◆ Action item ◆
Only an exact copy of the lines from the one containing "Abstract hand drawn" through the last line of the material below belongs in the answer, with no pictures.

START The data

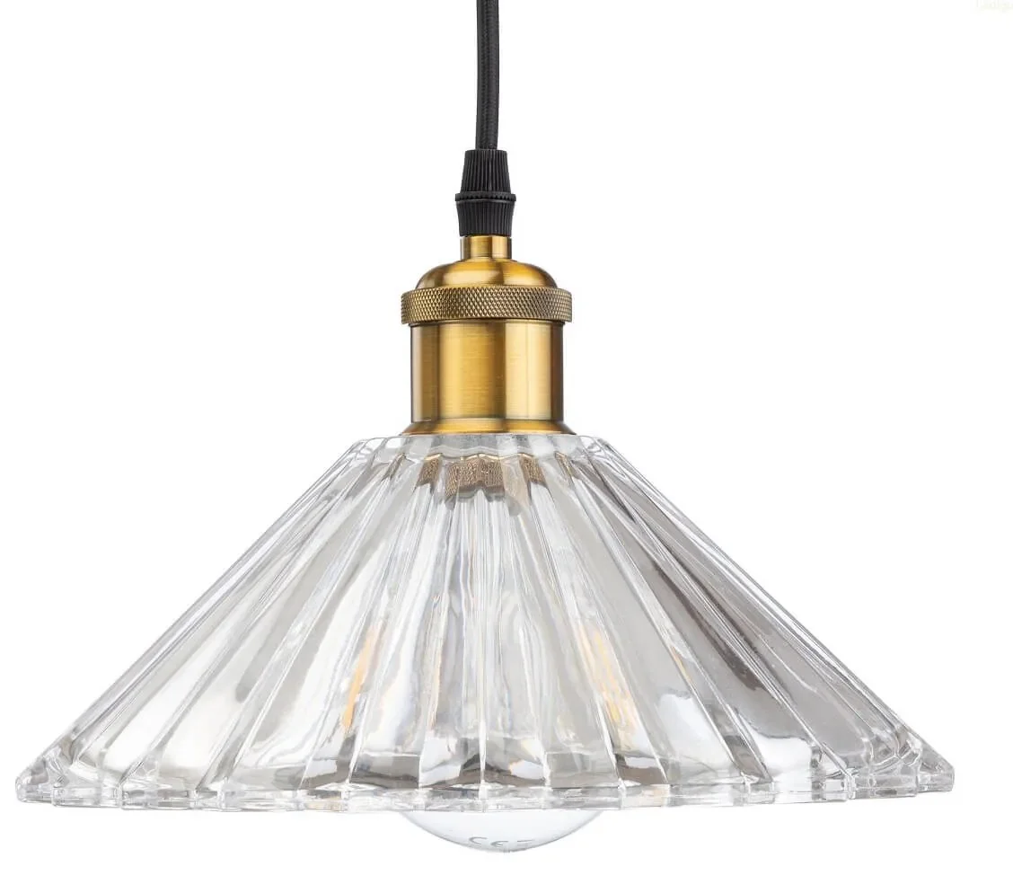 - Stará mosaz, čiré sklo, černý látkový kabel
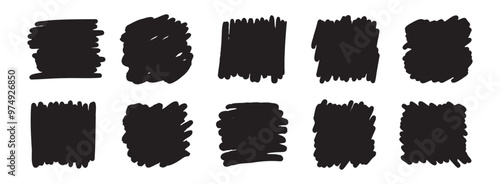 Abstract hand drawn scribble set art. Vector grunge brush square. Sketch graphic design isolated on white background.
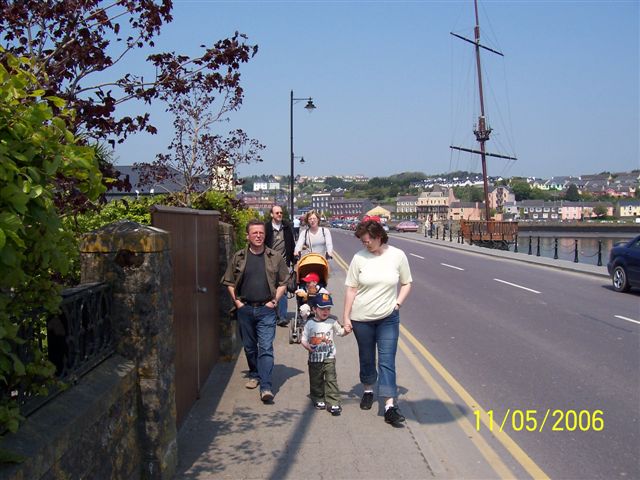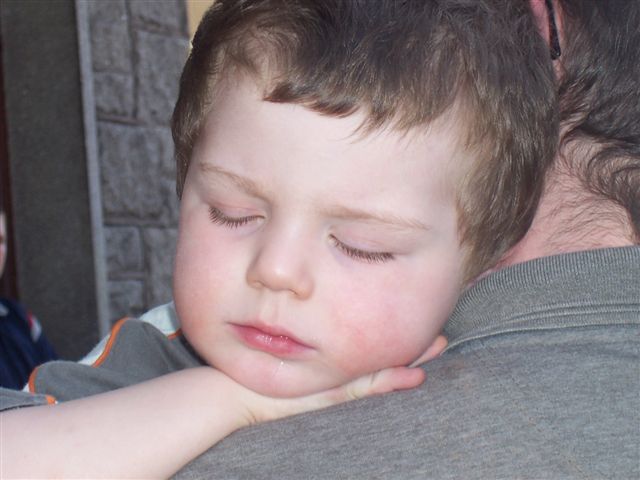 Da wir erst am späten Vormittag losgezogen sind und wir in Cork noch umsteigen mussten, ist Miniritter Lars auf dem Weg dorthin während des Wartens auf den nächsten Bus mal eben auf Papas Arm eingeschlafen und hat die gesamte Busfahrt nach Kinsale verschlafen.
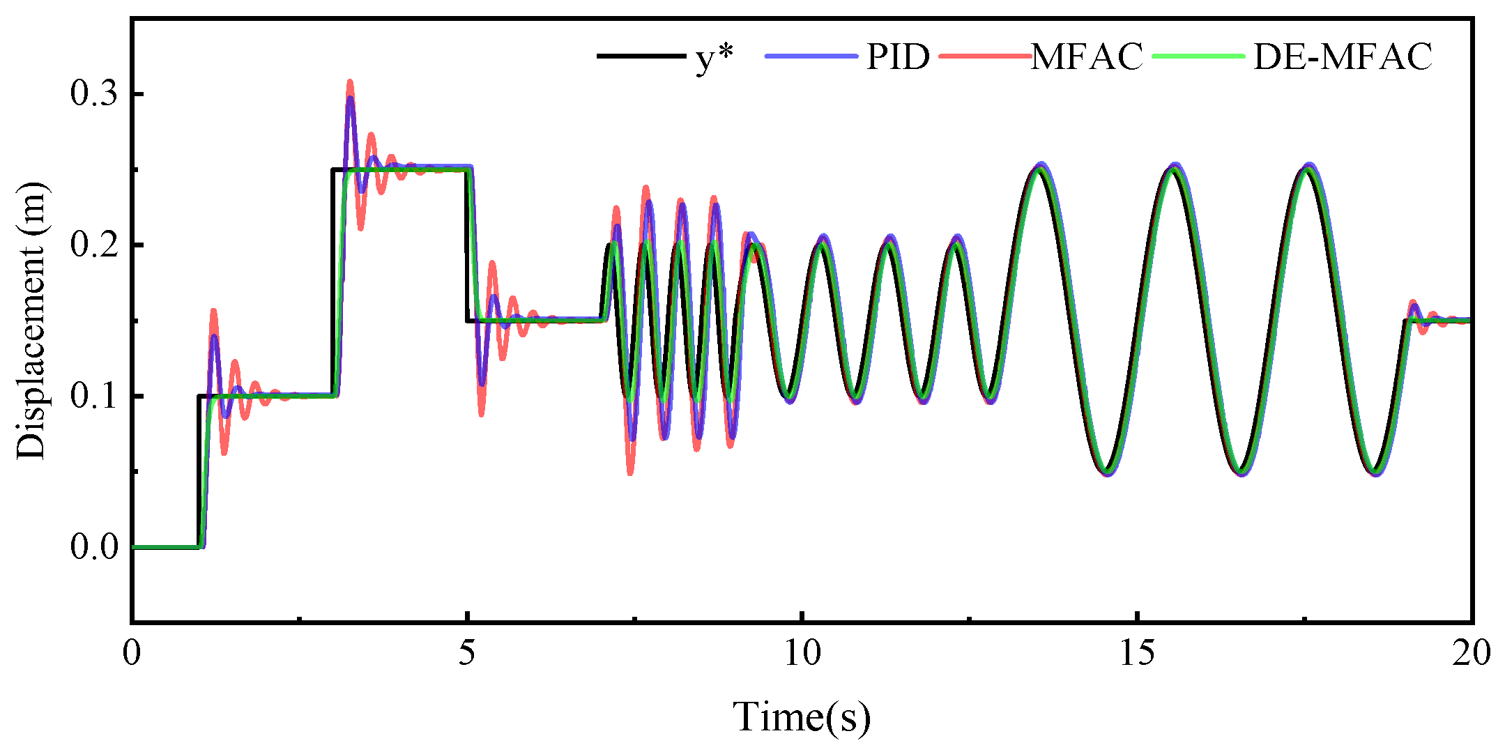Within the defined reference output signal, the time intervals 0–3 s, 3–5 s, and 19–20 s correspond to ascending step signals, while the 5–7 s interval represents a descending step signal. For step signal tracking control, overshoot and settling time serve as standard metrics for evaluating control performance. The simulation results in

END The data

◆ Answer section ◆
 Abstract hand drawn scribble set art. Vector grunge brush square. Sketch graphic design isolated on white background.
 Da wir erst am späten Vormittag losgezogen sind und wir in Cork noch umsteigen mussten, ist Miniritter Lars auf dem Weg dorthin während des Wartens auf den nächsten Bus mal eben auf Papas Arm eingeschlafen und hat die gesamte Busfahrt nach Kinsale verschlafen.
Within the defined reference output signal, the time intervals 0–3 s, 3–5 s, and 19–20 s correspond to ascending step signals, while the 5–7 s interval represents a descending step signal. For step signal tracking control, overshoot and settling time serve as standard metrics for evaluating control performance. The simulation results in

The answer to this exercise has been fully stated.